(Stored data entries)
- - -
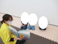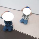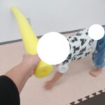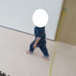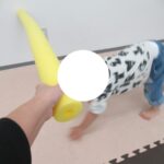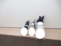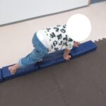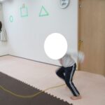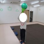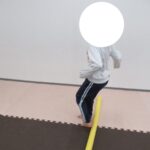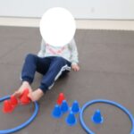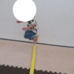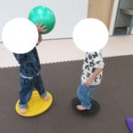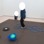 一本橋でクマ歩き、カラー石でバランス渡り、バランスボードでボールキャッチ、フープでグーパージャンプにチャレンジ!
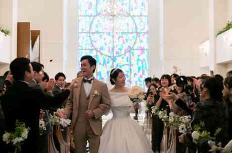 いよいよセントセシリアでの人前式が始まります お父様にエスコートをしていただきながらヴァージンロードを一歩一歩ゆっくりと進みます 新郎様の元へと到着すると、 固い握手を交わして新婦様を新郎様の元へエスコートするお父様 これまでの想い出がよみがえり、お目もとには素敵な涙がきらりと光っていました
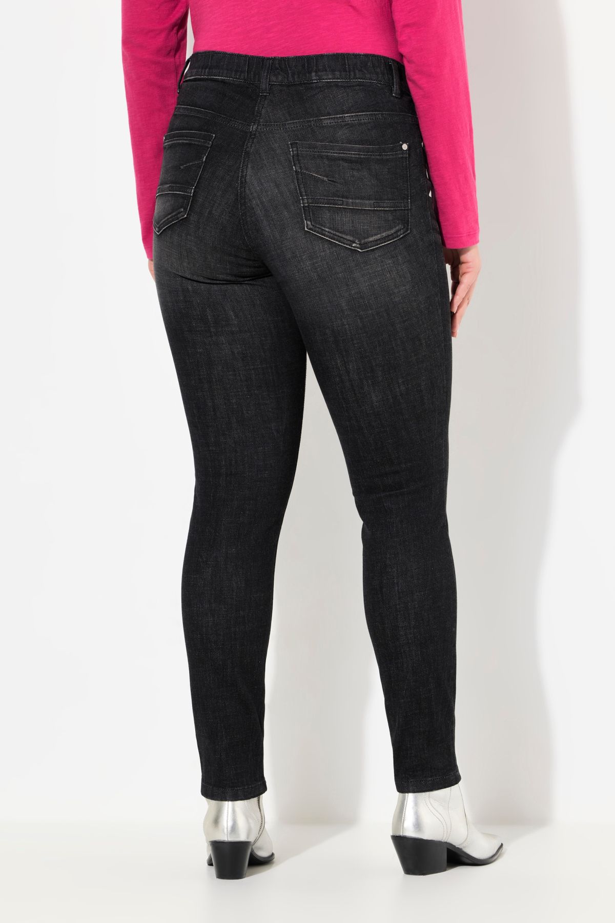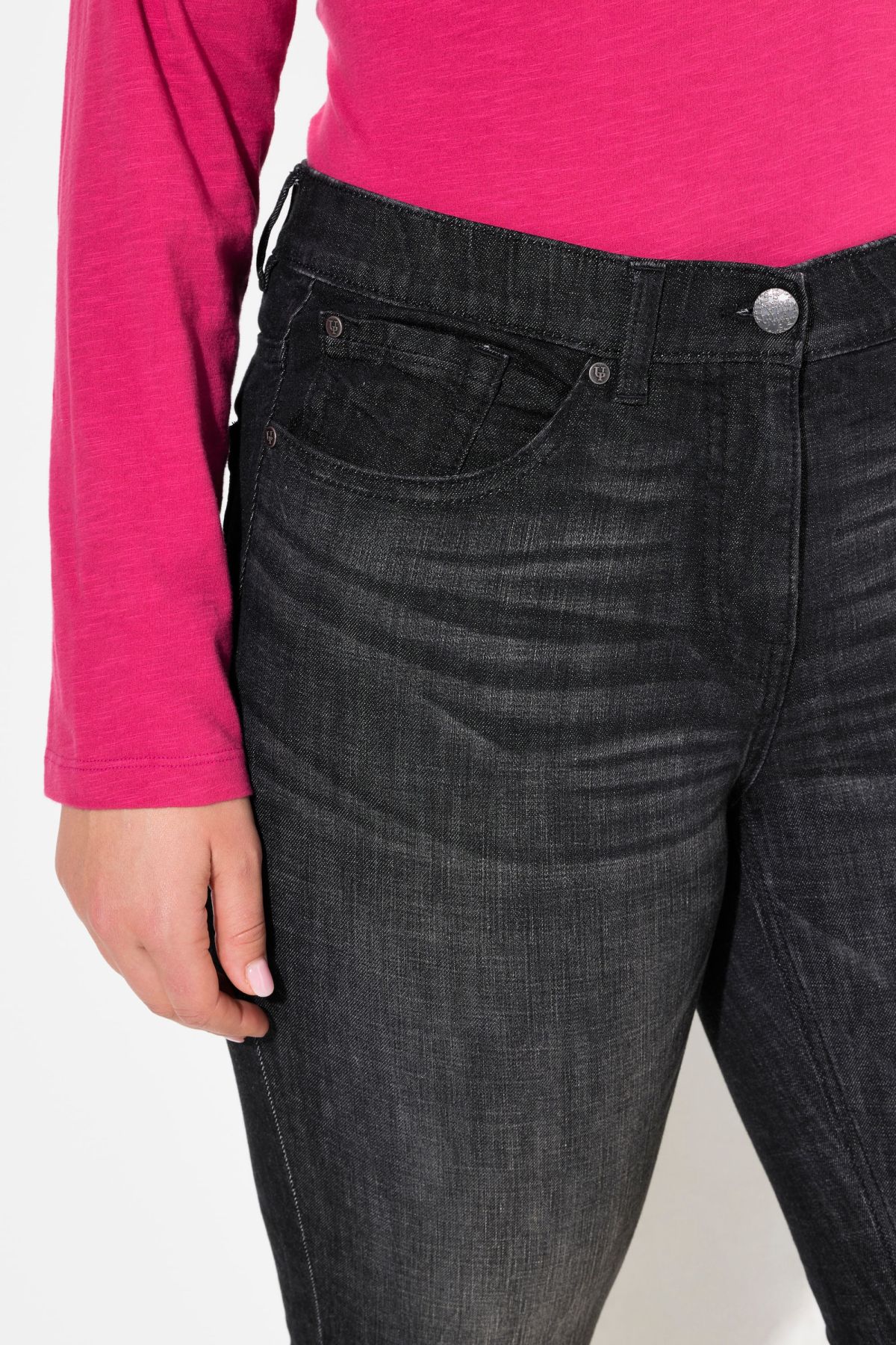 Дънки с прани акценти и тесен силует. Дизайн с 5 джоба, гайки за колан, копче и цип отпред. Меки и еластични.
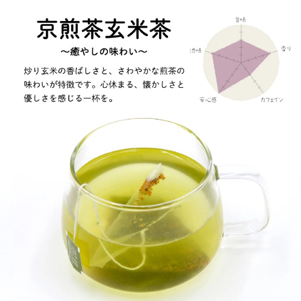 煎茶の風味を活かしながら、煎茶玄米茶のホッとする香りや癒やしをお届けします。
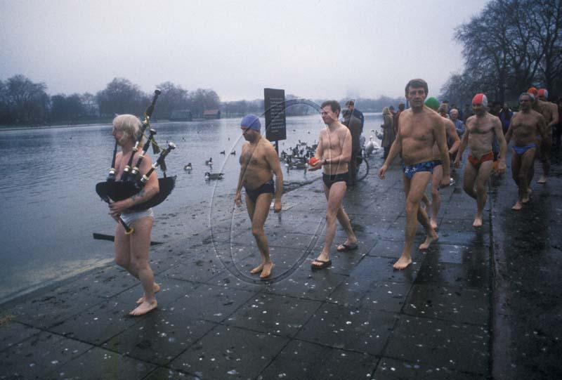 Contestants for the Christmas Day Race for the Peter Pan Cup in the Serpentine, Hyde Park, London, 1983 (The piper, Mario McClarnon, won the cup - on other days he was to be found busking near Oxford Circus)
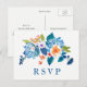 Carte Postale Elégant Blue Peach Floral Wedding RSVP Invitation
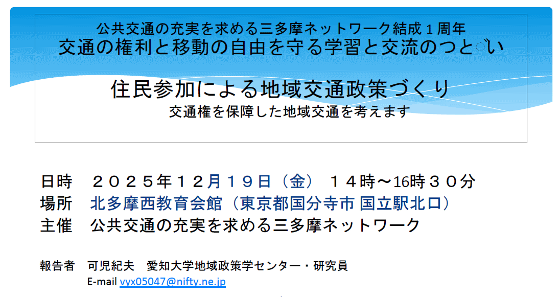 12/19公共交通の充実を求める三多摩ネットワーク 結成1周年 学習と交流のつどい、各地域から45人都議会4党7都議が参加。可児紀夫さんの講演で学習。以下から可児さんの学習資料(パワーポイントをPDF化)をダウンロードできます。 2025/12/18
- - -
> _Your instructions_: Write out all of the data above exactly, pictures excluded.

> _Expected output_:
 一本橋でクマ歩き、カラー石でバランス渡り、バランスボードでボールキャッチ、フープでグーパージャンプにチャレンジ!
 いよいよセントセシリアでの人前式が始まります お父様にエスコートをしていただきながらヴァージンロードを一歩一歩ゆっくりと進みます 新郎様の元へと到着すると、 固い握手を交わして新婦様を新郎様の元へエスコートするお父様 これまでの想い出がよみがえり、お目もとには素敵な涙がきらりと光っていました
 Дънки с прани акценти и тесен силует. Дизайн с 5 джоба, гайки за колан, копче и цип отпред. Меки и еластични.
 煎茶の風味を活かしながら、煎茶玄米茶のホッとする香りや癒やしをお届けします。
 Contestants for the Christmas Day Race for the Peter Pan Cup in the Serpentine, Hyde Park, London, 1983 (The piper, Mario McClarnon, won the cup - on other days he was to be found busking near Oxford Circus)
 Carte Postale Elégant Blue Peach Floral Wedding RSVP Invitation
 12/19公共交通の充実を求める三多摩ネットワーク 結成1周年 学習と交流のつどい、各地域から45人都議会4党7都議が参加。可児紀夫さんの講演で学習。以下から可児さんの学習資料(パワーポイントをPDF化)をダウンロードできます。 2025/12/18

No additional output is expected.